◆ RECORDED DATA:
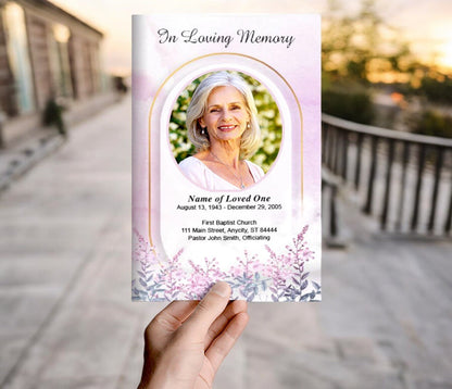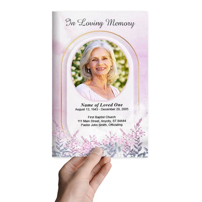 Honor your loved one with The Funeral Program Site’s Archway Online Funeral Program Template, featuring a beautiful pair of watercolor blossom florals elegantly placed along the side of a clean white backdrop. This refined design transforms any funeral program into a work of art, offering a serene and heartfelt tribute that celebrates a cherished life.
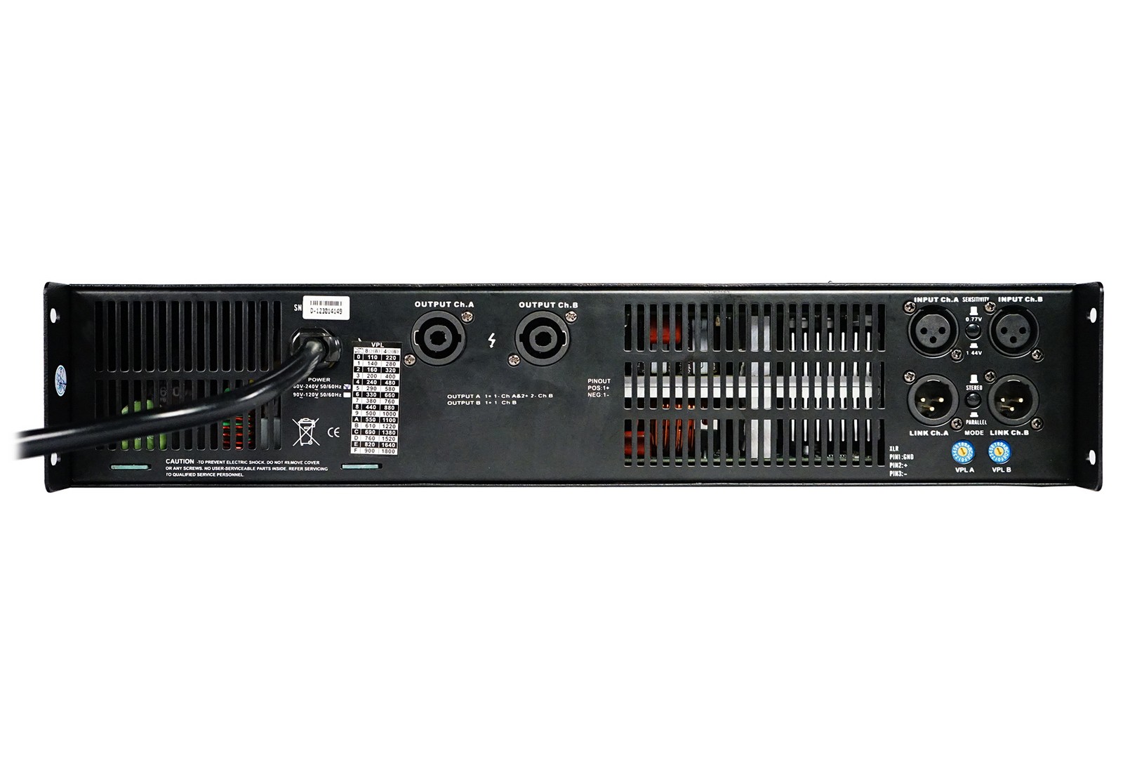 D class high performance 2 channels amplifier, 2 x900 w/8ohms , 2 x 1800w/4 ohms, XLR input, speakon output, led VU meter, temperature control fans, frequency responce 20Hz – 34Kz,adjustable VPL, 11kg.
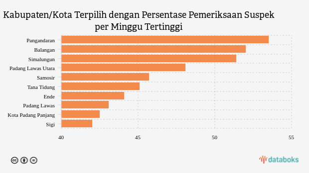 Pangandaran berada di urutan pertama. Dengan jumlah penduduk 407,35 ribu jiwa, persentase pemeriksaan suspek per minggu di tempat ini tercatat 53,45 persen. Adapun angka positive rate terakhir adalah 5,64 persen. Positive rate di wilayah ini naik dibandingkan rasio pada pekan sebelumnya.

◆ ABOUT THIS TASK: The lines to write out are those from the first line of the listing above through the line bearing "D class high", both included, copied exactly with pictures dropped.

◆ EXERCISE RESPONSE:
 Honor your loved one with The Funeral Program Site’s Archway Online Funeral Program Template, featuring a beautiful pair of watercolor blossom florals elegantly placed along the side of a clean white backdrop. This refined design transforms any funeral program into a work of art, offering a serene and heartfelt tribute that celebrates a cherished life.
 D class high performance 2 channels amplifier, 2 x900 w/8ohms , 2 x 1800w/4 ohms, XLR input, speakon output, led VU meter, temperature control fans, frequency responce 20Hz – 34Kz,adjustable VPL, 11kg.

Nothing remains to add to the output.